Alte(s) Bekannte(s)

Alte(s) Bekannte(s)

Meine Ankunft in Melbourne verlief reibungslos. Mit der einzigen Herausforderung mein Fahrrad zu montieren und knapp 90 Kilometer zu einer weiteren, sehr prägenden, Warmshower Gelegenheit zurückzulegen. Einzig die Halterung für meine Lenkertasche bereitete Schwierigkeiten. Während mir die zunehmend schwüle Luft an diesem Vormittag in Melbourne langsam zu schaffen machte, kämpfte ich mit der Drahtseilverschlingung um den Lenker. Das allein dauerte länger, als das gesamte Rad zusammenzusetzen. So sehr ich die Qualität von Ortlieb schätze, aber bei diesem Produkt wurde der Radtransport via Flugzeug und der damit verbundene Akt der Demontage nicht berücksichtigt.
Mittagszeit. Und ich hatte noch eine gute Distanz vor mir. Nach den vergangenen Ruhetagen fühlte ich mich dennoch in der Lage vor Sonnenuntergang bei meinen Gastgebern einzutrudeln. Das Fahren an sich sollte sich als die einfachste Herausforderung erweisen. Zum Glück. Das Navigieren kostete mich weitaus mehr Energie und Zeit. Vom Flughafen bis in die östlich gelegene Ortschaft Berwick würde ich von dem hervorragenden Fahrradwegnetzwerk im Großraum Melbourne profitieren. Der Trick war auf dem rechten Pfad zu bleiben.
Mein Weg führte mich zum Ufer des Yarra in Melbourne. Dort fand ausgerechnet ein Food Festival statt. Das bedeutete nicht nur das Fahrrad zu schieben, sondern vor allem all den köstlichen Gerüchen unzähliger Köstlichkeiten zu widerstehen. Immerhin bekam ich einen frischen, knackig kühlen Apfel geschenkt.
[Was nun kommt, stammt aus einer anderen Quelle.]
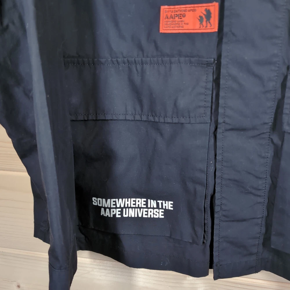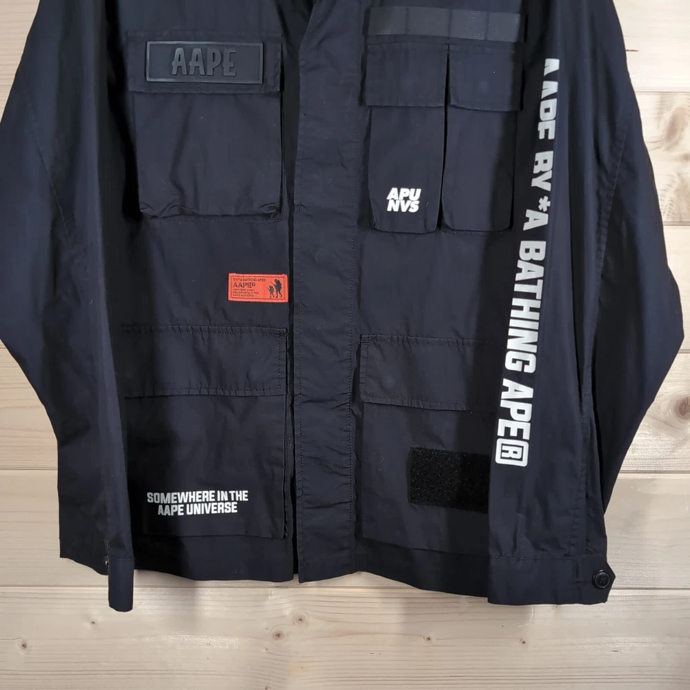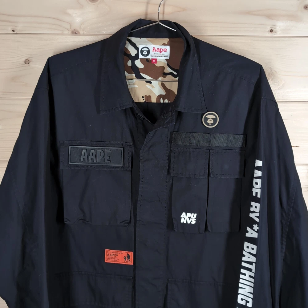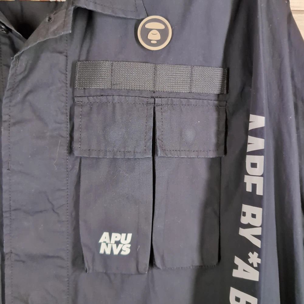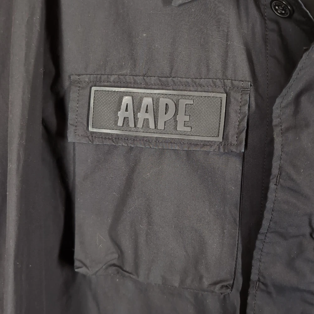 Aape By A Bathing Ape M65 Black Utility Military Shirt Jacket Overshirt Mens Size Large Pit to pit 23.5" | Length 28.5" In great preloved condition ------------------------------------------------------------------------------------------------------ For SS20, AAPE by A Bathing Ape looks to military garments for inspiration, creating cool pieces like this M65 jacket. Reworking the classic combat silhouette, it’s cut from sleek black cotton canvas and then detailed with a bevy of branding – think prints, woven tabs and insignia-style patches. 100% Cotton Button Closure 3 Chest Pockets 2 Front Pockets Printed Branding Woven Brand Patch & Tab Style Code: AAPSTM8341XXE-BKX
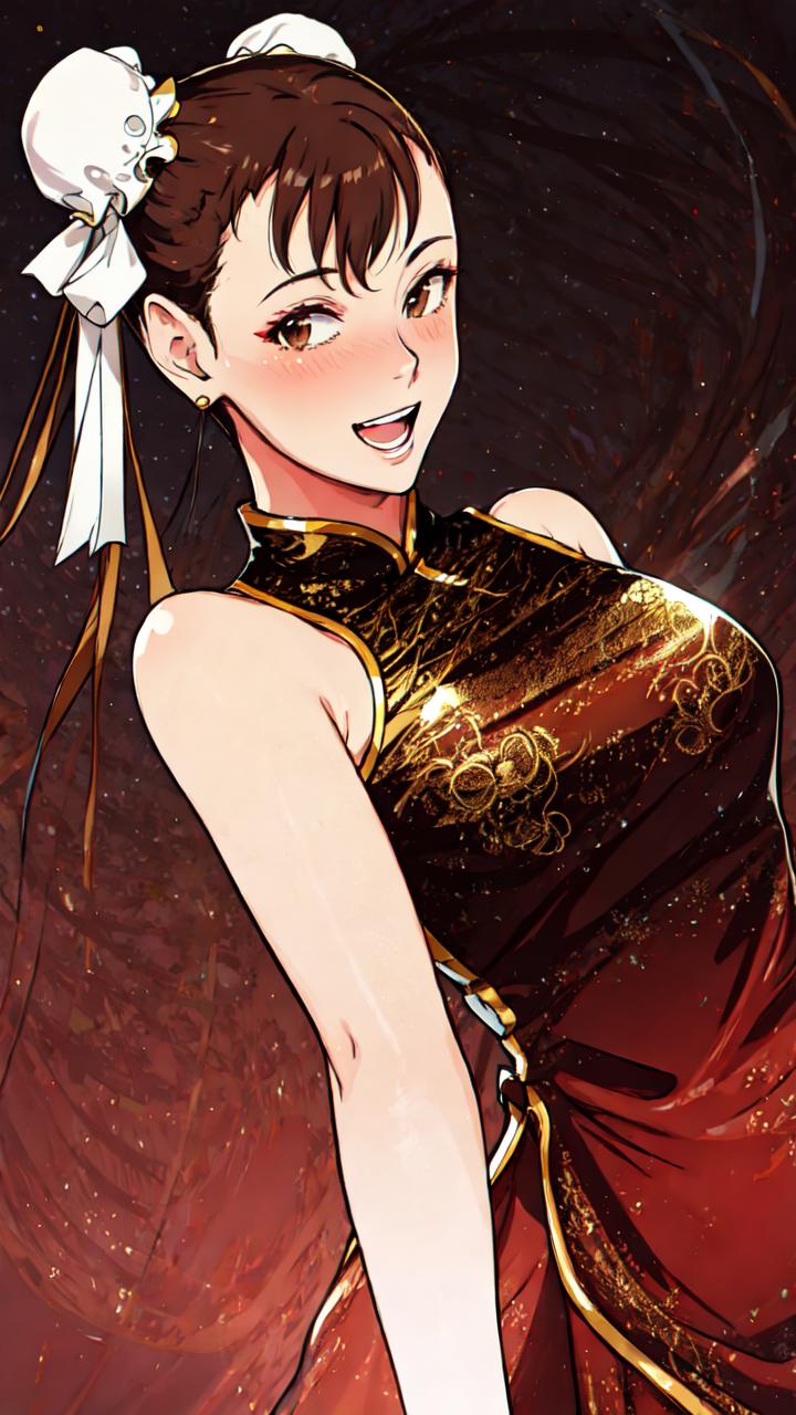 chunlist, 1girl, brown hair, short hair, hair bun, double bun, bun cover, brown eyes,

Ich wusste, dass meine Gastgeber Wilma und Garry nicht anwesend sein würden wenn ich eintrudelte. Aber in mittlerweile gewohnter Warmshowers Manier erhielt ich Instruktionen wie ich ins Haus kommen und es mir gemütlich machen könnte. Nach dem langen Tag schaffte ich es nicht mehr so lange aufzubleiben bis meine Gastgeber zurückkehrten. Es fühlte sich etwas merkwürdig an mit dem Gedanken ins Bett zu gehen, dass ich mich erst halb verschlafen am nächsten Morgen persönlich vorstellen würde. Also schrieb ich noch eine kurze Dankesnotiz bevor ich erschlagen ins Bett fiel. So einen guten, erholsamen Schlaf hatte ich schon lange nicht mehr. Über Maßen erholt traf ich die ursprünglichen Niederländer, die mit Ihren Familien ausgewandert waren.
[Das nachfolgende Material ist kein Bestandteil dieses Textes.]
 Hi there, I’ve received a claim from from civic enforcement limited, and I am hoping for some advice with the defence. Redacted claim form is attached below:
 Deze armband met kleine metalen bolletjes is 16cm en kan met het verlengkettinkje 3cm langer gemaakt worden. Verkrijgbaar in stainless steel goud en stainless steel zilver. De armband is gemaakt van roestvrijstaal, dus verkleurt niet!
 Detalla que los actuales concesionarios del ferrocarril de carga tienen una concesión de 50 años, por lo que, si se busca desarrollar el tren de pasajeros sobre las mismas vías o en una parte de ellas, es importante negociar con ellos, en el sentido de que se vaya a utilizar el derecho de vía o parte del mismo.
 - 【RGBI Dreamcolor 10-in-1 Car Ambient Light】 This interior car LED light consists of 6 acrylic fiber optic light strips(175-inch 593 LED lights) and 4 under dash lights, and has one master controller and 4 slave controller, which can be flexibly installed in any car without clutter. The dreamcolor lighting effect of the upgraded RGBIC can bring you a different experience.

Prompt wurde ich eingeladen noch eine Nacht zu bleiben. Und ohne lange überlegen zu müssen willigte ich ein. Schließlich wollte ich die beiden kennenlernen, die mir so viel Vertrauen schenkten und mir Herberge boten. Ich genoss es in der morgendlich warmen, viktorianischen Spätsommerwärme Garrys frisch gemahlenen Kaffee zu schlürfen und Reisegeschichten auszutauschen. Im Anschluss an das ausgedehnte Frühstück ging es wieder zurück nach Melbourne!
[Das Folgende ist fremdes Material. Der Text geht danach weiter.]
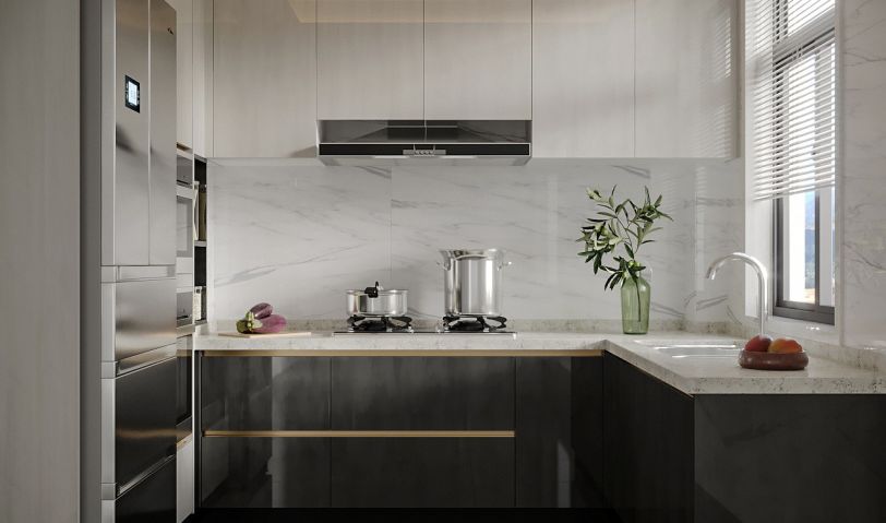 開放式廚房將元、色彩、照明簡化到最少,提高質感要求
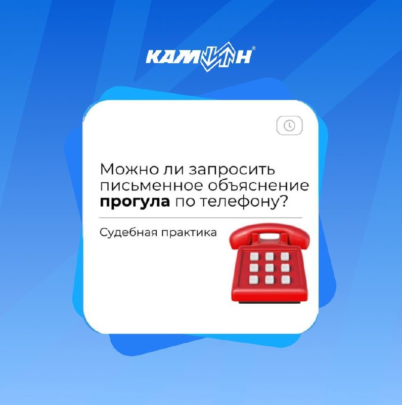 🤔 Можно ли запросить письменное объяснение прогула по телефону? Давайте обсудим новый судебный случай, который заставит задуматься, как уведомлять сотрудников о необходимости предоставить объяснение за прогул. 😐 Итак, по закону — прогул — это серьёзно, и работодатель вправе уволить за него (пункт "а" п. 6 ч. 1 ст. 81 ТК). Но вот как это всё делать правильно? ℹ️ Ситуация: Сотрудник после отпуска не вышел на работу. Работодатель решил действовать быстро, а именно позвонил ему по телефону и сказал, что тот должен предоставить письменное объяснение. Вот только это был не самый правильный способ! Да, уведомить можно любым способом, но после того, как вы позвонили, работник должен получить время для ответа. ⚡️ Два дня! ℹ️ Как поступил работодатель? Он позвонил 10-го числа, сообщил по телефону, что объяснение нужно предоставить, и в тот же день направил письменное уведомление. 📌 Но сотрудник получил его только 20-го числа. И как вы думаете, что сделал работодатель? Правильно, уволил ег

Mit dem Auto ist die Tour nur einen Katzensprung entfernt. Wir besuchten Vinnie und Alison, Freunde, die zum Mittagessen eingeladen hatten. Aus dem Mittagessen wurde ein ausgedehntes Mahl mit nahtlosem Übergang zum Abendessen. Es war toll so viele neue Menschen kennenzulernen und alle waren brennend an meinen Abenteuern interessiert. Das interessanteste für mich, neben dem ganzen Essen, war allerdings die Geschichte von Vinnie und wie er von Italien nach Australien gekommen ist.
[Der Vater arbeitete bereits in Australien. Die Mutter war mit den Kindern in Italien und wartete nur noch darauf, dass ihre Papiere von den Behörden abgesegnet werden. Es war eine sichere Sache. Bis der Visaantrag auf ungeklärte Weise verloren ging und eine Auswanderung nach Australien unmöglich wurde. Der Vater kehrte nach Italien zurück und suchte dort wieder Arbeit. Vorbei das Ziel auszuwandern. Auf einer Reise kamen die beiden an einer australischen Botschaft vorbei und beschlossen kurzerhand Hallo zu sagen. Sie trafen auf einen Botschafter, der sie auf einen Kaffee einlud und Interesse an Ihrer Geschichte fand. Er versprach sich den Fall nochmal anzusehen. Nach acht Monaten meldete sich der Botschafter wider Erwarten mit der Nachricht, dass die Familie einen Platz auf dem letzten Auswanderer-Schiff von Italien nach Australien bekommen würde. Inklusive Sprachschule und diversen Programmen, um den Start in Australien zu ermöglichen. Manchmal muss man einfach die richtigen Leute im richtigen Moment treffen.]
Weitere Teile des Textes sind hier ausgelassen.